*Disclaimer: This is my first tutorial ever, so please leave any comments down below on how I can improve the content of this piece, or let me know if it helped you!*


# A Short Introduction to the Naive Bayes Classifier



Let's say that we are looking at different teams, Team A and Team B, and the conditions in which they win or lose. Let’s say there are two conditions under which Team A and Team B play: the weather is clear or snowy. 


What we want to do is predict whether Team A or Team B wins in their next game. A simple way to do this would be to use a Naive Bayes Classifier, which uses the famous [Bayes Theorem](https://en.wikipedia.org/wiki/Bayes%27_theorem) to calculate the probability that a team wins given certain conditions.


Here’s what __Bayes Theorem__ looks like: 

$$P(y|x) = \frac{P(x|y)P(y)}{\sum_{k=1}^n(P(x_{k}|y)P(y)}$$

Here’s what each value means:
- $P(y|x)$: This is the probability that we wish to calculate. This means “the probability of y happening given x has happened. In our case, this would mean the “the probability that Team y wins given a condition x. Another name for this is the __posterior probability__.

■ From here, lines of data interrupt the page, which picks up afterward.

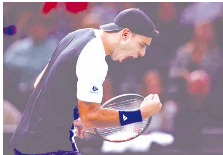
Cerúndolo obtuvo un buen triunfo

este lunes será Sebastián Báez, que debutará en el torneo ante el español Alejandro Davidovich Fokina.
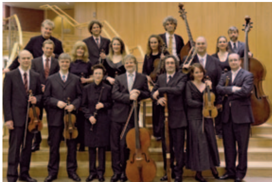
Concerto Köln (orchestre)
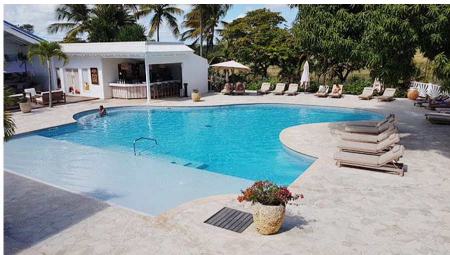
Le Relais du Moulin à Saint-Anne - Guadeloupe

Cette année les actions de formation se sont tenues dans un lieu très agréable et extraordinaire de calme et de sérénité : " Le Relais du Moulin " à Saint-Anne .

- $P(x|y)$: This means “the probability of x happening given y happened”, or “the probability that it condition x happens given Team y won”. This is referred to as the __likelihood__.


- $P(y)$: This just refers to the probability that Team y won. When multiplied with the likelihood, the numerator becomes the __prior probability__.


- $\sum_{k=1}^n(P(x_{k}|y)P(y)$: This means to add all of the prior probabilities for each conditions. When calculated, it becomes $P(x)$, or “the probability that condition x occurs”. 


Now that we have a grasp on how to use Bayes Theorem, let’s use the Naive Bayes Classifier from scikit-learn to check if our math is right and make more predictions. 

Make sure you have Jupyter Notebook and scikit-learn installed. Here are instructions for [how to install Jupyter Notebook](https://jupyter.readthedocs.io/en/latest/install.html) and on [how to install scikit-learn](http://scikit-learn.org/stable/install.html). 

Download [this dataset](./naive_bayes.csv) first.

## Coding a Naive Bayes Classifier

Now we can start coding our own Naive Bayes Classifier.

First, handle the imports.

In [1]:
import pandas as pd
import numpy as np
from sklearn.naive_bayes import GaussianNB

Let's read in the data.

The Weather column refers to the conditions, or **features**, of our dataset. We want to predict who will win a game given these conditions.

The Winner column refers to who won the game. I will refer to these as **labels**.
This is what we want to predict.

In [2]:
data = pd.read_csv('./naive_bayes.csv')
data.head()

Unnamed: 0,Weather,Winner
0,Clear,A
1,Clear,A
2,Snowy,B
3,Clear,A
4,Snowy,B


Looking at the data, it is clear we are dealing with categorical variables. The Naive Bayes Classifier does not really understand categorical variables. So, in order to use it, we have to encode these columns as quantitative variables.

Luckily, pandas provides a way to do this via dummy variables.

For the Winner column, it'd be easier if we just encode A winning as 0, and B winning as 1. This would ensure that our encoding remain as a single column, which makes it easier to feed into the Naive Bayes Classifier.

In [6]:
encoded_weather = pd.get_dummies(data[['Weather']])

encoded_winners = pd.DataFrame(np.where(data[['Winner']] == 'A', 0, 1))
encoded_winners.columns = ['Winner']

Now that we've encoded both the columns, we can append them together and create a classifier for it.

In [7]:
X = pd.concat([encoded_weather], axis=1)
y = data.Winner

# Create and fit the different Naive Baye models
clf = GaussianNB()
clf.fit(X, y)

GaussianNB(priors=None)

And that's it! 

Now, we can make predictions. For instance, let's say that that the weather is snowy. What is the probability that Team A won?

In [8]:
sample_X = pd.DataFrame([[0, 1]])

print('Probability for GaussianNB: {:.2f}'.format(clf.predict_proba(sample_X)[0][0]))

Probability for GaussianNB: 0.08


As you can see, the probability that Team A wins given that it is snowy is very small.